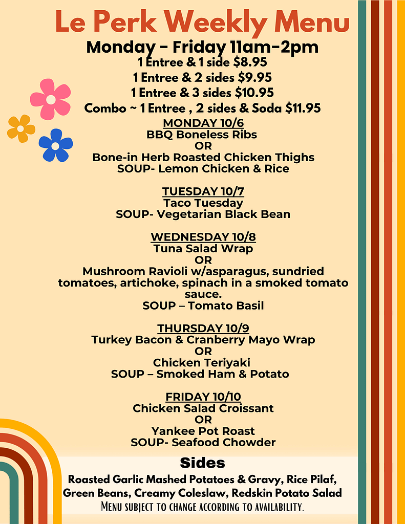 10/8 WEDNESDAY – Country Fried Chicken w/ Sausage gravy, Mash Potato & Honey Roasted Carrots. $12
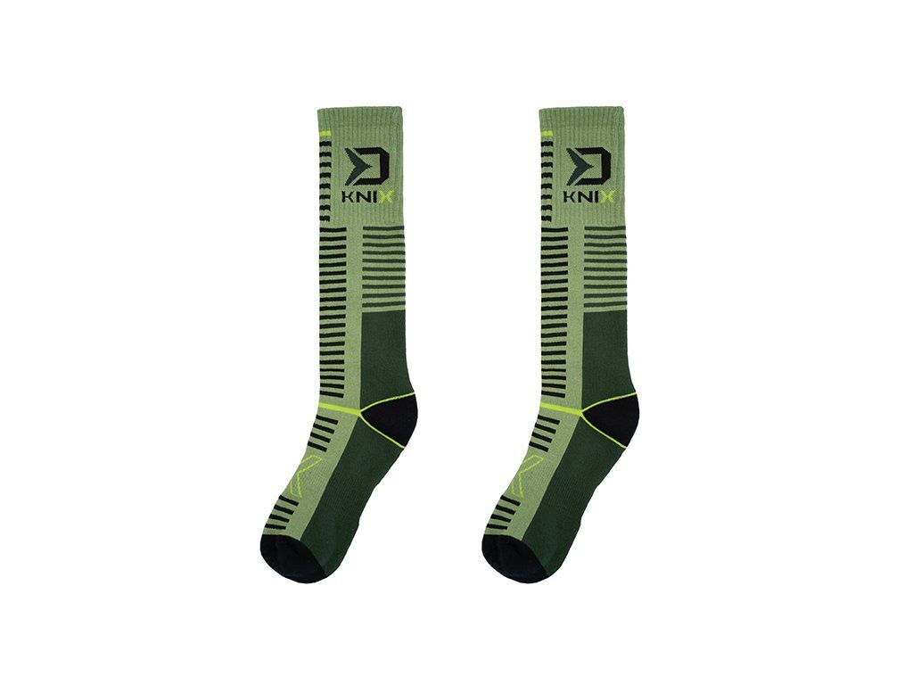 Termo podkolenky poskytující tepelný komfort během chladných podzimních a zimních dnů strávených u vody nebo na toulkách přírodou. Jsou vyrobeny z hřejivé a pružné tkaniny, která se skvěle přizpůsobí tvaru chodidla a netlačí na lýtkách. V horní části se nachází praktická gumička zajišťující fixaci podkolenek v požadované pozici. Barevná kombinace zelených odstínů v kombinaci s černými a fluo žlutými prvky vytváří efektní design, vyladěný velkým logem Delphin a nápisem KNIX. Dodáváme je ve třech rozměrech se širokým rozpětím velikostí, díky čemuž si každý vybere pro sebe tu ideální. Technické parametry: Materiálové složení: 85% bavlna, 10% elastan, 5% polyesterDoplňkové parametry
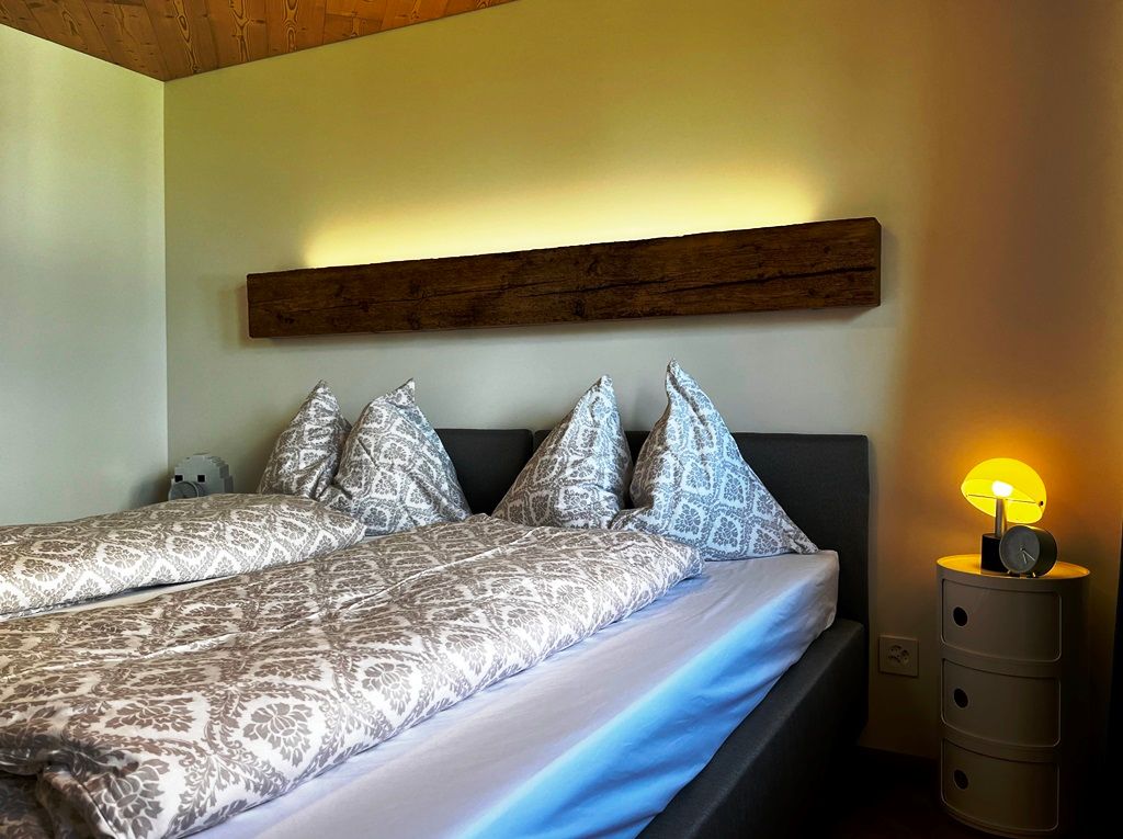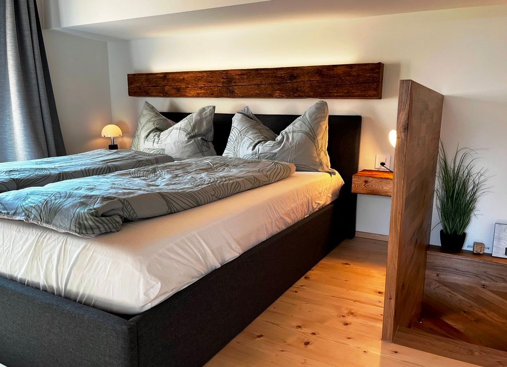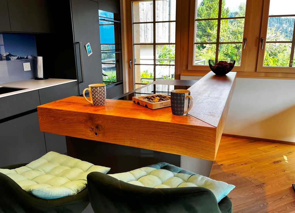 Diese stilvoll ausgebaute Ferienwohnung befindet sich in einem sorgfältig renovierten, alten Haus, das Geschichte mit modernem Wohnkomfort vereint. Im Zentrum der Wohnung liegt ein grosszügiger, heller Wohnbereich mit offener Raumgestaltung. Die moderne Küche mit Kochinsel und integrierter Bar geht fließend in den Wohn- und Essbereich über und lädt zu geselligen Stunden ein. Angrenzend befindet sich eine gemütliche Chillecke mit Futon-Schlafsofa – ideal zum Entspannen oder als zusätzlicher Schlafplatz mit Vorhang zum abtrennen und verdunkeln.

Exercise objective: Everything in the listing must be restated word for word, except for the pictures.

Task response:
 10/8 WEDNESDAY – Country Fried Chicken w/ Sausage gravy, Mash Potato & Honey Roasted Carrots. $12
 Termo podkolenky poskytující tepelný komfort během chladných podzimních a zimních dnů strávených u vody nebo na toulkách přírodou. Jsou vyrobeny z hřejivé a pružné tkaniny, která se skvěle přizpůsobí tvaru chodidla a netlačí na lýtkách. V horní části se nachází praktická gumička zajišťující fixaci podkolenek v požadované pozici. Barevná kombinace zelených odstínů v kombinaci s černými a fluo žlutými prvky vytváří efektní design, vyladěný velkým logem Delphin a nápisem KNIX. Dodáváme je ve třech rozměrech se širokým rozpětím velikostí, díky čemuž si každý vybere pro sebe tu ideální. Technické parametry: Materiálové složení: 85% bavlna, 10% elastan, 5% polyesterDoplňkové parametry
 Diese stilvoll ausgebaute Ferienwohnung befindet sich in einem sorgfältig renovierten, alten Haus, das Geschichte mit modernem Wohnkomfort vereint. Im Zentrum der Wohnung liegt ein grosszügiger, heller Wohnbereich mit offener Raumgestaltung. Die moderne Küche mit Kochinsel und integrierter Bar geht fließend in den Wohn- und Essbereich über und lädt zu geselligen Stunden ein. Angrenzend befindet sich eine gemütliche Chillecke mit Futon-Schlafsofa – ideal zum Entspannen oder als zusätzlicher Schlafplatz mit Vorhang zum abtrennen und verdunkeln.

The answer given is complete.